Mirror-image reversal of ordination data and PCoA graphs from core metrics

I have analyzed several combinations of groups of microbiome data (each group a different treatment), producing PCoAs for each. So far, the groups within each PCoA orient in the same shape, to the same axes, etc., no matter which other groups are present.

However, I've encountered a strange output with the last two PCoAs. I ran one analysis with 4 groups, and they oriented as expected. When I removed one of the groups however, the PCoA produced was a mirror image from its predecessor. I didn't know what to make of this, so I deleted all the data and started with a new file manifest, did new cutadapt and DADA2, etc. The PCoA from this seemed to be back to normal, with the groups orienting as expected without being mirrored.

I am stuck on the last analysis though. It contains all 5 experimental groups, and its PCoA is also coming out as a mirror image of the previous ones. I extracted the ordination data and saw the values in the first column were reversed (negatives became positives and vice versa) compared to the 4-group analysis. I don't know if this is relevant but it seemed odd to me. Here's a pic of the ordination data for the same samples, with the 4-group analysis on the left and the 5-group analysis on the right


I've reloaded everything again, but the results are the same. I have no idea what is causing this since there are no error messages and I seemed to fix it before. Any advice on this would be very helpful!


Hi @MicrobeManager,

This is a great question!

There are three things to keep in mind with PCoA.

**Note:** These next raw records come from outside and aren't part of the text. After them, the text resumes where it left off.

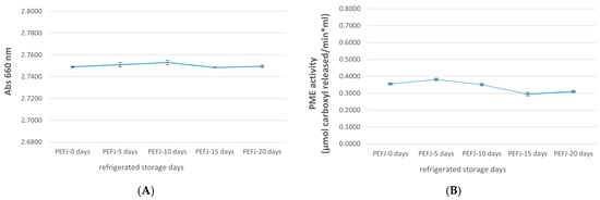 Cloud values (A) and pectinmethylesterase activity (B) in PEFJ (PEF-treated juice) during further refrigerated storage at 4 °C. Data are expressed as means of three analytical replicates ± standard errors; n = 3.
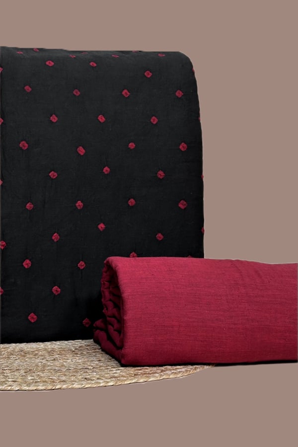 Black – 2pc Hand Tie-Dye Bandhani Pure Cotton Top With Handloom Bottom Fabric Set
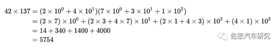 上面就是一个卷积,第二个等号右边每个括号里的系数构成的序列 (14,34,14,4),实际上就是序列 (2,4) 和 (7,3,1) 的卷积。所谓AI算力就是每秒执行多少万亿次指令,这些指令通常就是MAC运算的指令。
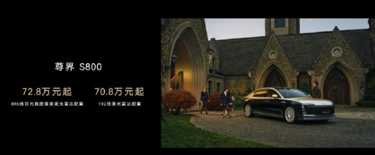 尊界 S800 搭载 896 线激光雷达卖 72.8 万元,比 192 线激光雷达贵 2 万元。

  1. PCoA sits on top of your distance matrix which was probably calculated on rarefied data. Rarefaction is a semi stochastic process and its possible to get different ordinations based on your rarefaction.
  2. The ordination coordinates are dependent on the samples. If you introduce a new sample, you will shift your PCoA and that might drive clustering. (Body site is a classic example: if I want to look for clustering between with samples from :woman_scientist: and :woman_technologist: to see which kind of scientist has the weirdest microbes, the signal from combing the :poop: and :tongue: will overwhelm clustering from profession.)
  3. Within a PCoA, there is no true directionality. It's a map without landmarks. So, you can do things like move the center of the ordination and flip the sign along the axis without it affecting the relationship between points.

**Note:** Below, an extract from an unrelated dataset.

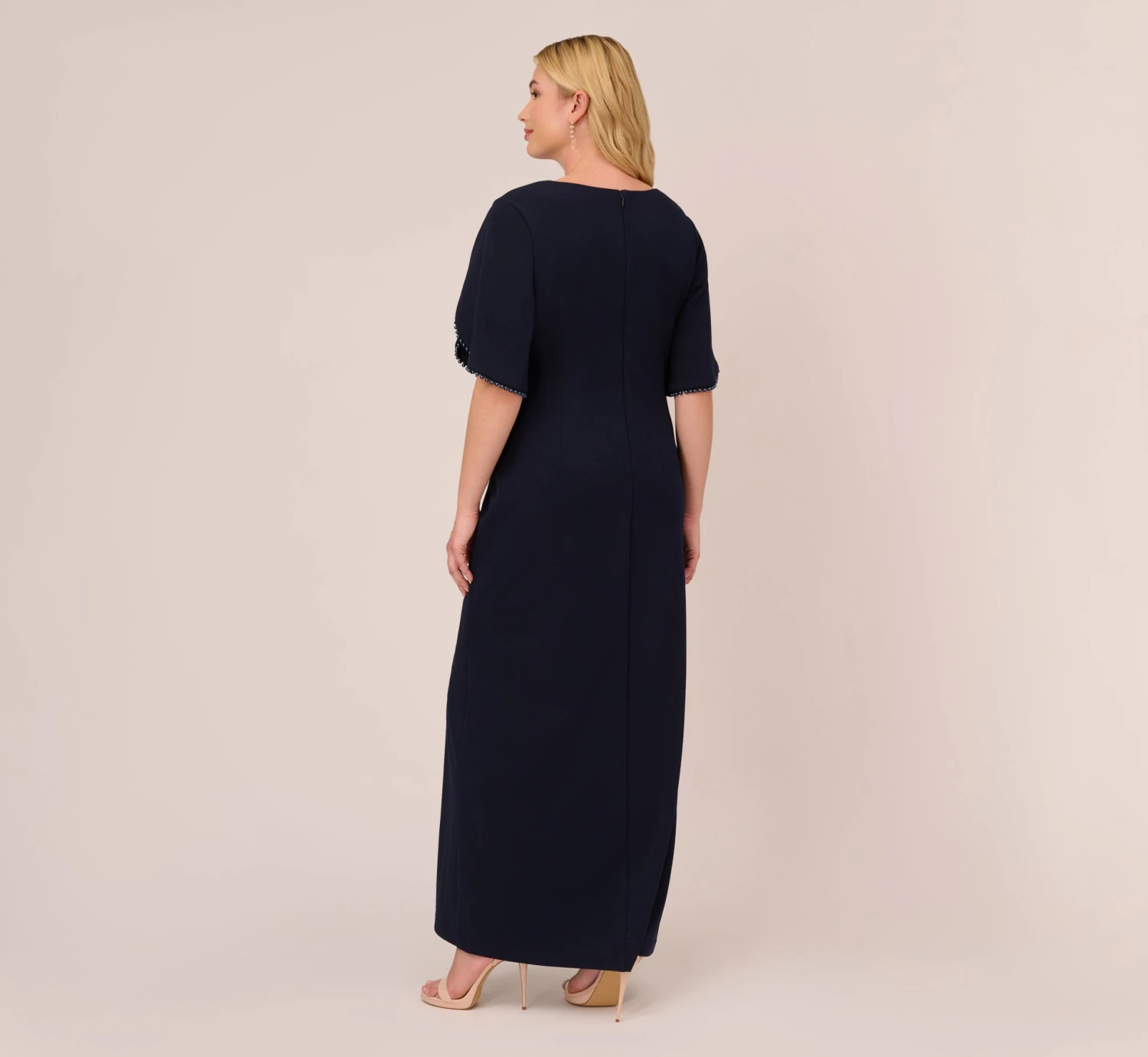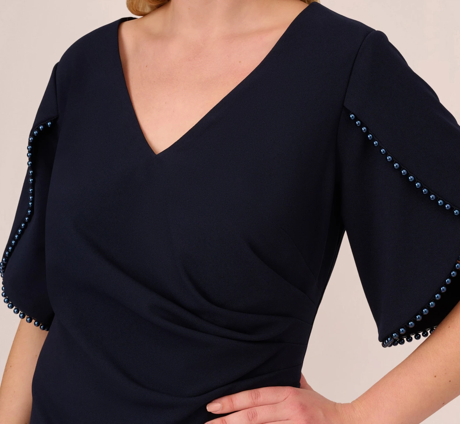 The simplest dresses are often the most timeless, and this short sleeve gown is no exception. This mermaid gown features a fitted bodice with v-neckline, elbow-length sleeves, and a full-length mermaid skirt with slit hem. Adorned in sweet pearl trim, the short sleeves have a petal-like design for added interest. Draped details throughout the crepe fabric make this formal dress a flattering look. A zipper back closes this evening gown. Teamed with a contrasting clutch and heels, this sophisticated dress is perfect for a formal or black-tie wedding or event.

So here, you've changed your sample set. You (may?) have re-rarified (did you filter yoru distance matrix, then run PCoA, or just run core metrics?. Changing your samples and maybe your underlying distances and changed the ordination slightly, and that led to a change in the sign.

Now, you've probably changed the distance matrix, which changed the ordination, which can lead to flipping in the ordination.

I want to commend your due-diligence here, but it's not an error, just a fun particularity of ordination.

To make your ordination more stable, my preference is to filter my distance matrix and re-calculate my PCoA from a filtered distance matrix rather than re-run core-metrics every time I need to change my PCoA. I work with big datasets and the rarefaction and distance matrix calculations can take hours. You can use q2-diversity filter-distance-matrix to filter the distance matrix and then q2-diversity pcoa to calculate the ordination. q2-emperor plot will make the nice visualization. (Check out the q2-diversity and q2-emperor docs for more functions, options, and cool things you can do).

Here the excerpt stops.